Africa-Arab States Tripartite Interregional Meeting on Labour Migration: Opportunities for exchange and future dialogue

From 15-16 November 2021, the African Union Commission (AUC) and the International Labour Organization (ILO) hosted the virtual Africa-Arab States Tripartite Interregional Meeting on Labour Migration.

Press release | 23 November 2021
Over 200 participants from governments, Regional Economic Communities, employers’ and workers’ representatives, civil society organizations, academia as well as international development partners and United Nations agencies working in Africa and the Arab States of the Middle East participated in the meeting. The meeting aimed to take stock of progress and good practices, build networks and strengthen dialogue between Africa and Arab States in order to achieve decent work and fair migration outcomes for migrant workers, employers, governments, and society.
One plenary and five thematic expert panels sparked exchanges on recent trends in labour migration in the Africa-Arab States labour migration corridor, including the impact of the COVID-19 pandemic; opportunities for skills development and recognition; reforms to extend social protection for migrant workers; re-negotiation and implementation of bilateral labour agreements in light of the gaps exposed during the pandemic; innovations to advance fair recruitment, including use of technology; and significant reforms to promote internal labour market mobility of migrant workers in the Gulf States. Senior government officials spoke in all panels and the audience was able to engage virtually with the speakers and share resources.
Speaking on behalf of Mariama Cissé, Director of Social Development, Sport and Culture within the African Union Department for Health, Humanitarian Affairs and Social Development, Sabelo Mbokazi, Head of the Labour Employment and Migration Division, highlighted the importance of the Africa-Arab States partnership. “Migration when well-managed can have substantial positive impact to countries of origin, transit, and destination.” He added that “the AU and Arab States need to promote the creation of legal pathways for migration with more tangible benefits for countries of origin, transit and destination.

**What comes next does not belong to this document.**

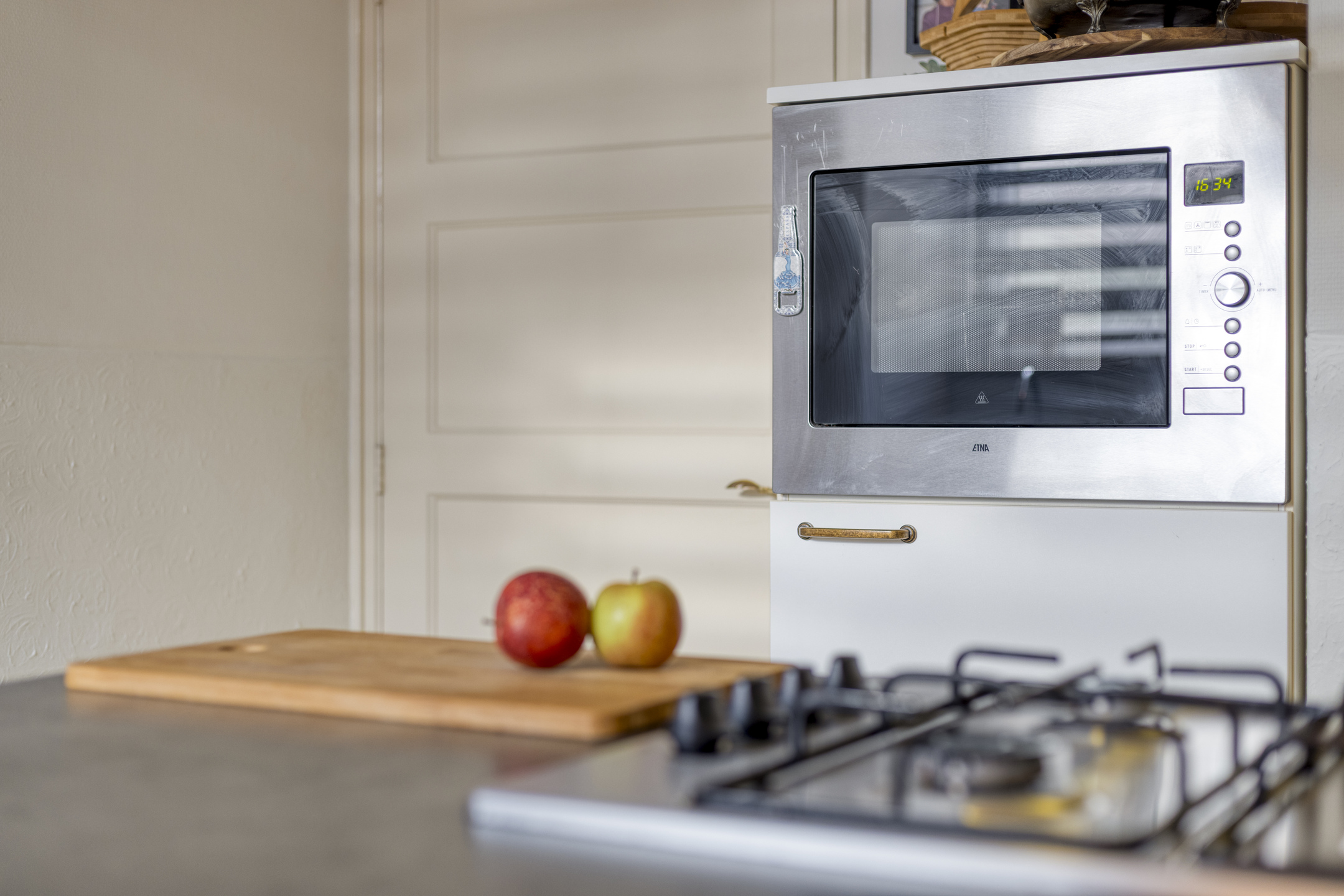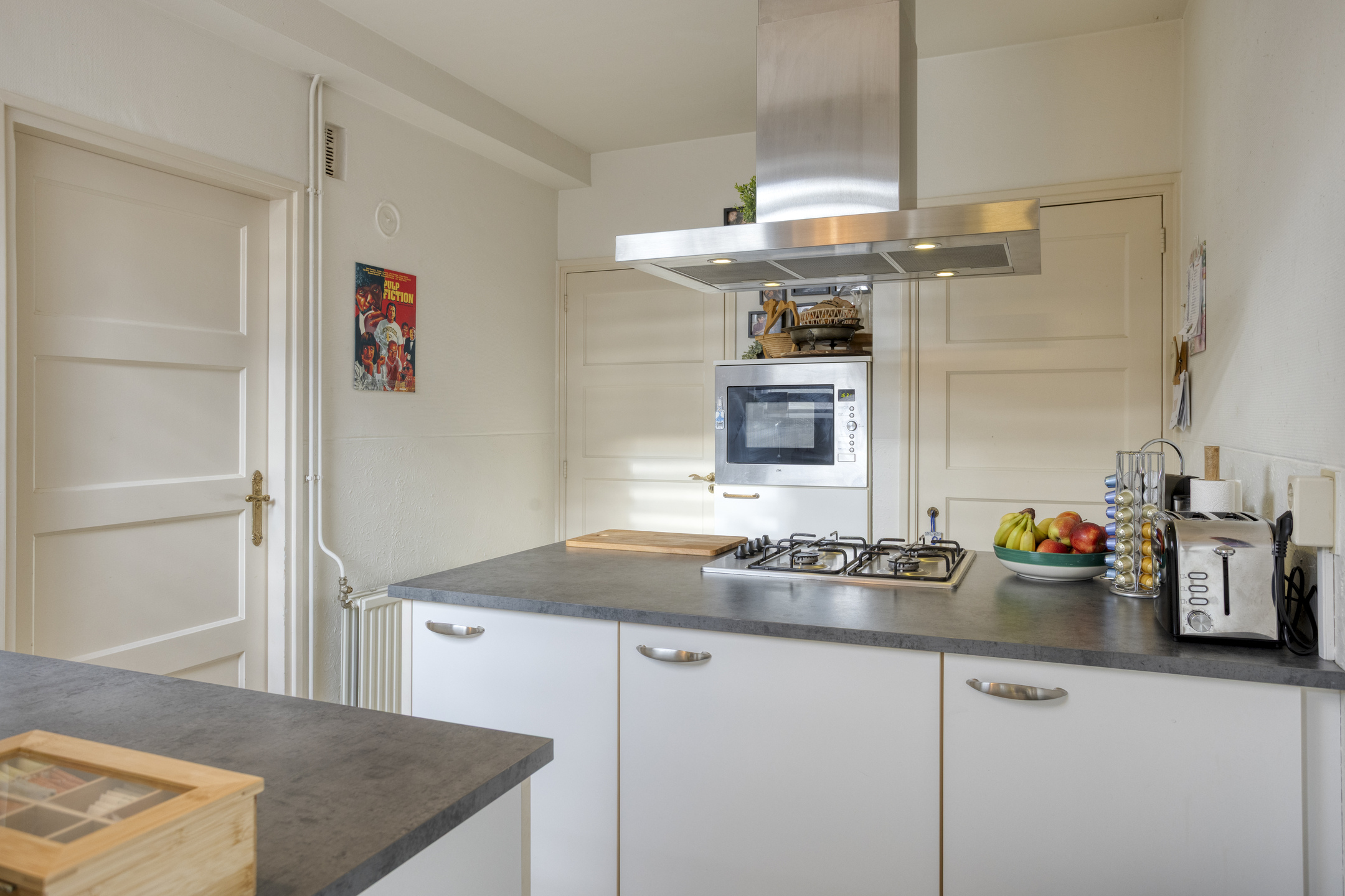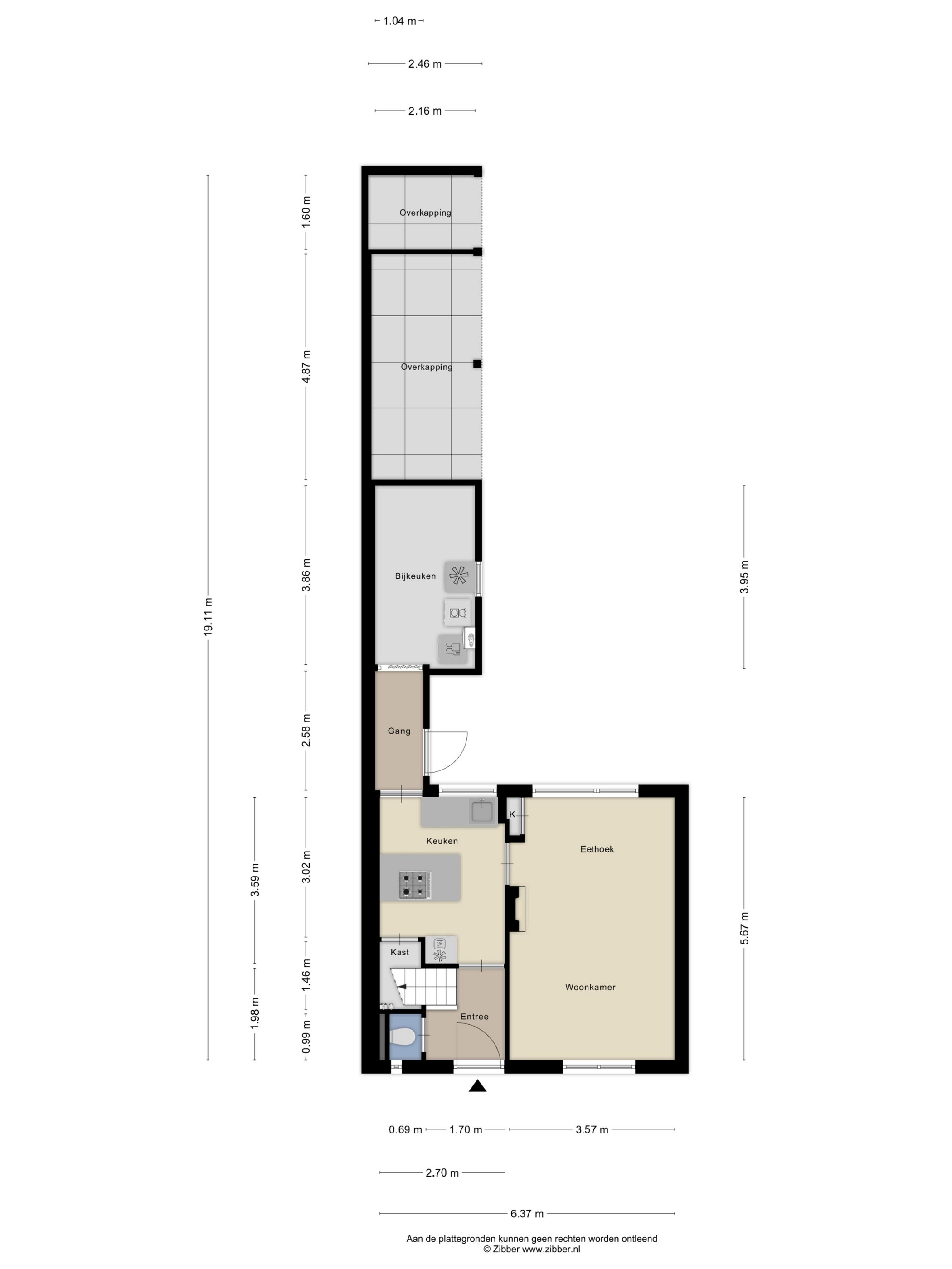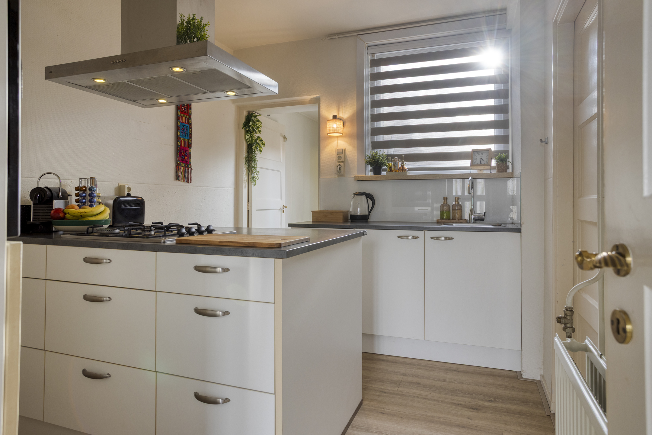 Via de voorzijde van de woning bereik je de entree, van waaruit je toegang hebt tot het toilet en de keuken. De keuken is voorzien van diverse inbouwapparatuur en inbouwkasten. Via de deur in de keuken bereik je de woonkamer en eetkamer. Via een andere deur in de keuken bereik je de gang van waaruit je toegang hebt tot de achtertuin en de bijkeuken met witgoedaansluiting.

Finally, we shall reaffirm our resolve to strengthen our responses in our provision of assistance and protection for vulnerable migrants, including women, girls and children.”
Cynthia Samuel-Olonjuwon, ILO Assistant Director-General and Regional Director for Africa, said the “success of this dialogue should be measured through positive changes in the lives of migrant workers, and socioeconomic benefits for both regions”.

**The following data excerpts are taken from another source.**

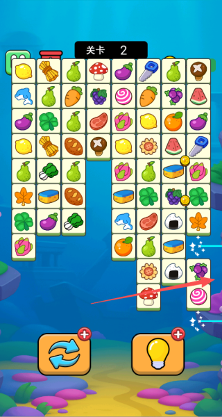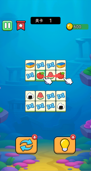 1、采用简单大方的游戏画风,搭配各类精致可爱的水果图案卡片,需找到相同卡片并消除开启轻松的消除之旅。
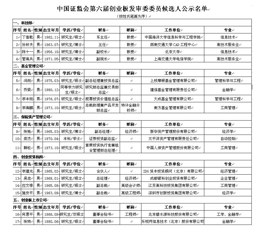 根據(jù)《中國(guó)證券監(jiān)督管理委員會(huì)發(fā)行審核委員會(huì)辦法》(證監(jiān)會(huì)令第62號(hào)),第五屆創(chuàng)業(yè)板發(fā)審委將于近期屆滿。我會(huì)決定對(duì)委員進(jìn)行部分更換。各單位依程序向我會(huì)推薦了17名委員候選人,F(xiàn)將第六屆創(chuàng)業(yè)板發(fā)審委17名委員候選人名單予以公示(詳見(jiàn)附件)。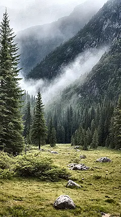 And don’t even get us started on those perfectly spaced evergreen trees, standing tall and proud like they’re waiting for their turn on the cover of “Forest Fashion” magazine. They’re probably thinking, “Another stunning shot for the ‘gram, thanks to our leafy perfection!” Down in the valley, the grassy field with its scattered, ancient-looking rocks gives off major chill-out vibes, like a bunch of boulders decided to have a picnic and just forgot to leave. It’s a scene that screams ‘epic profile picture material’ without even trying!
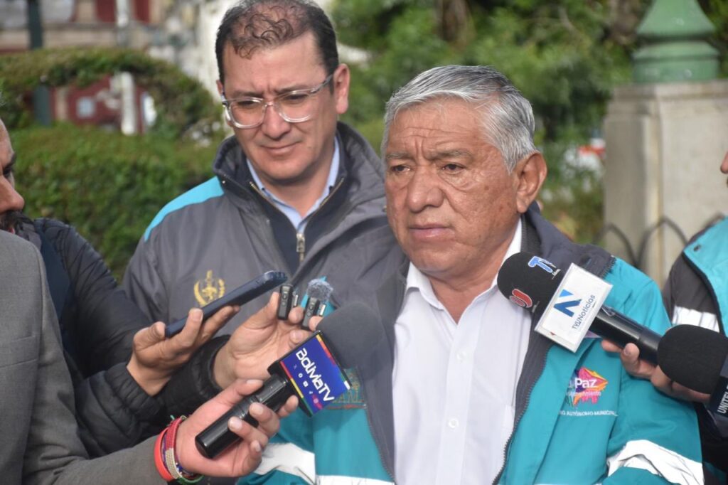La Paz, Bolivia, 4 de noviembre de 2025. La Alcaldía de La Paz ejecuta mantenimiento, ordenamiento y limpieza de la plaza Murillo, espacio patrimonial, para la realización del acto de transmisión de mando presidencial del 8 de noviembre.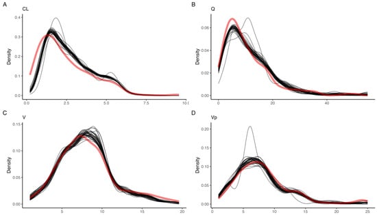 Kernel density estimates for all empirical deviations in time (black), compared to the observed posterior (red) for (A) clearance from the central compartment (CL), (B) inter-compartmental clearance (Q), (C) central volume (V), and (D) peripheral volume (Vp).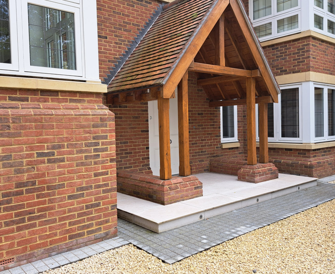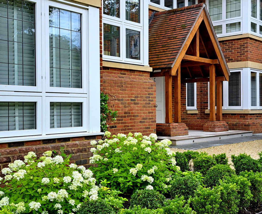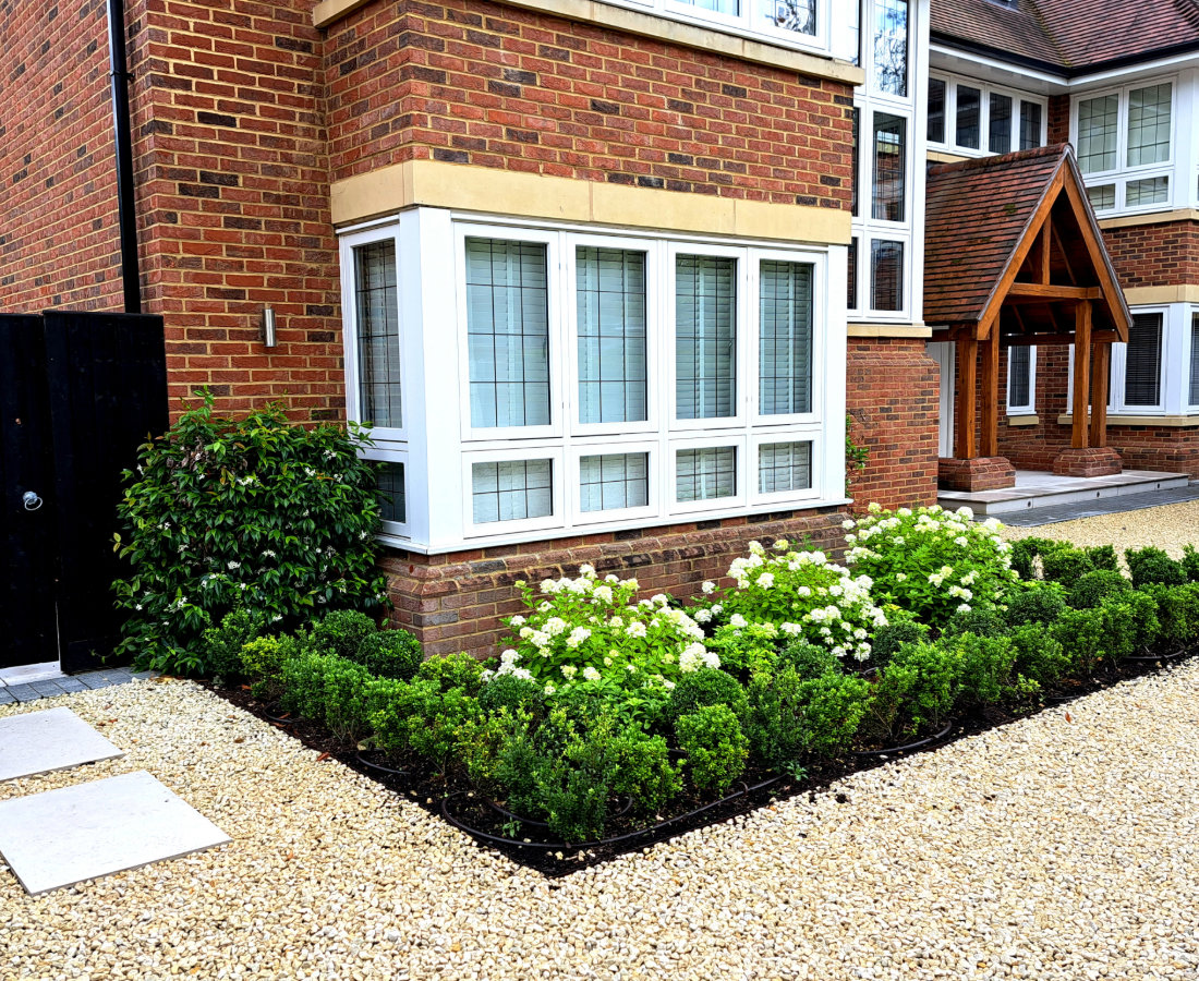 While some lawn was removed to make way for more parking, an area of lawn was retained to ensure an appropriate amount of green space to the driveway. Hard landscaping materials were chosen to harmonise with the façade of the house. Granite setts were used to create clean lines, accentuate planted areas and provide a retaining edge to borders. Cotswold stone chippings replaced the former resin driveway with a series of stepping stones adding interest. A new, wide and deep statement doorstep, created using large format porcelain paving, enhances the entrance and creates a welcoming threshold.

She added that “labour mobility and labour migration are about people’s aspiration for a better life and a decent job. When well governed and rights-based, labour migration offers workers the opportunity to improve their personal and financial situations, for employers to hire the skills they need, and governments to contribute to the socioeconomic development of their societies.”
Christian Frutiger, Vice-Director of the Swiss Agency for Development and Cooperation, which supported the meeting, expressed his conviction that “such multi-stakeholder deliberations as today’s dialogue are important for advancing safe labour migration. A constructive and results-oriented exchange can benefit economic and social development in both, countries of origin and countries of destination.”

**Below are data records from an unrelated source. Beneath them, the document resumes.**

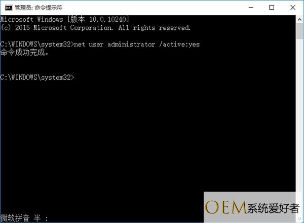 1、激活管理员账户Administrator: 以管理员身份运行CMD,执行 net user administrator /active:yes。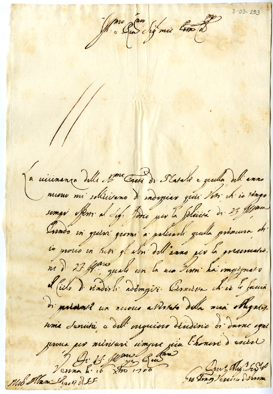 Lettera di Gianfrancesco vescovo di Verona ad Annibale Albani (1706 dicembre 16)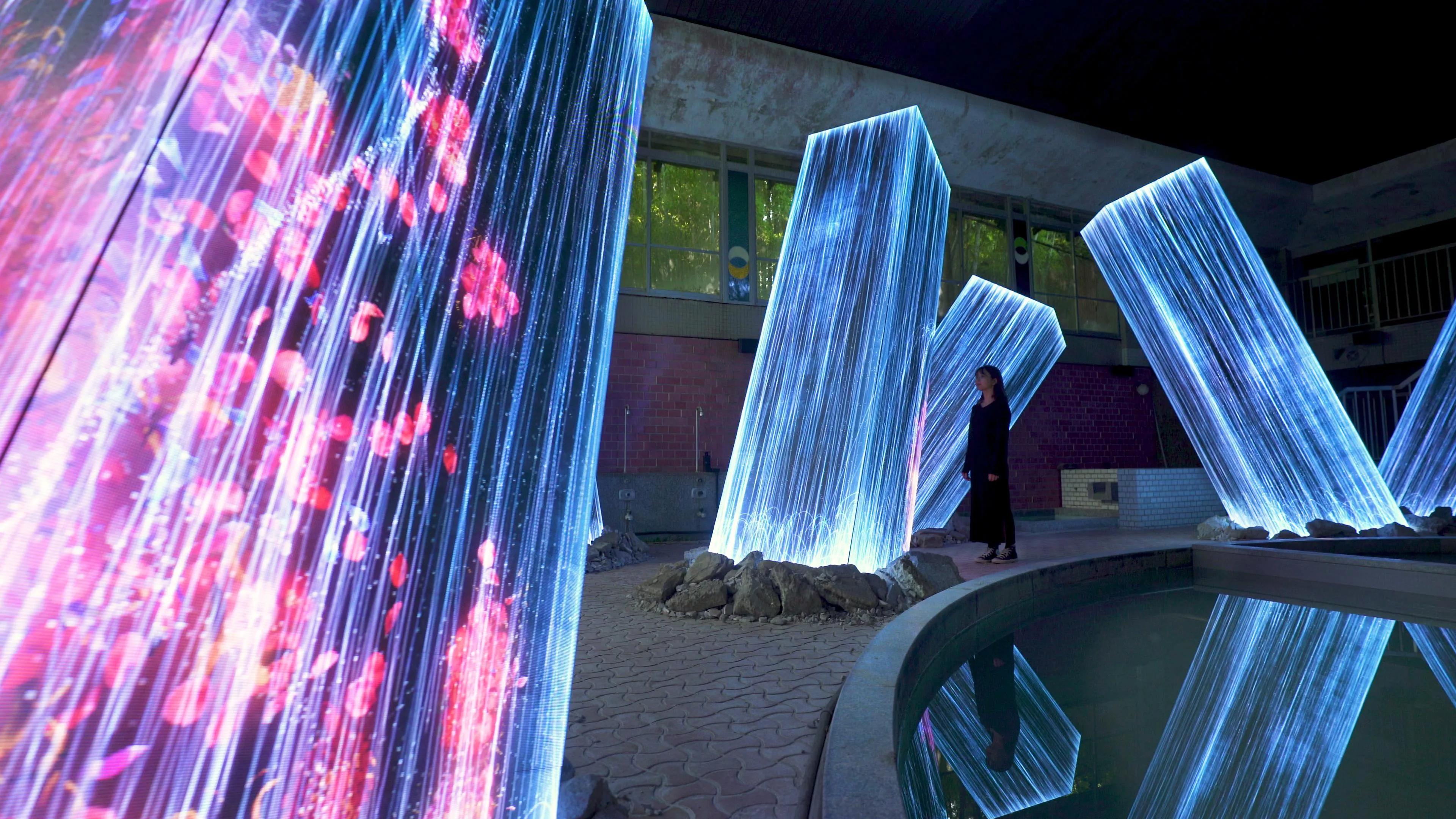 This artwork is in a state of continuous change. Over a period of one hour, a year’s worth of seasonal flowers blossoms and scatters. The flowers bud, grow, and blossom before their petals begin to wither and eventually fade away. The cycle of growth and decay repeats itself in perpetuity. If a person stays still, the flowers surrounding them grow and bloom more abundantly.

Tariq Haq, speaking on behalf of the ILO Regional Director for Arab States, Dr Ruba Jaradat, noted that the discussions were “rich, multi-faceted and thought-provoking,” and furthermore demonstrated “the power of social dialogue and the importance of bringing perspectives from both countries of origin and destination when discussing key technical issues and challenges in ensuring decent work and fair migration.”
During the tripartite interregional meeting, the State of Qatar announced its intention to host a meeting in Doha between Africa and the Gulf Cooperation Council countries during the first quarter of 2022 to build on the opportunity for dialogue that this interregional meeting presented.
Currently, a significant number of African migrant workers are employed in the Arab States in a range of sectors, including construction, retail trade, hospitality, and domestic and care work. Despite the drop in migration flows over the past year linked to the COVID-19 pandemic, labour migration from Africa to the Arab States is expected to increase in the years to come, and therefore it is imperative to address the risks and challenges related to labour migration governance, as well as to enhance the opportunities relating to these migration flows.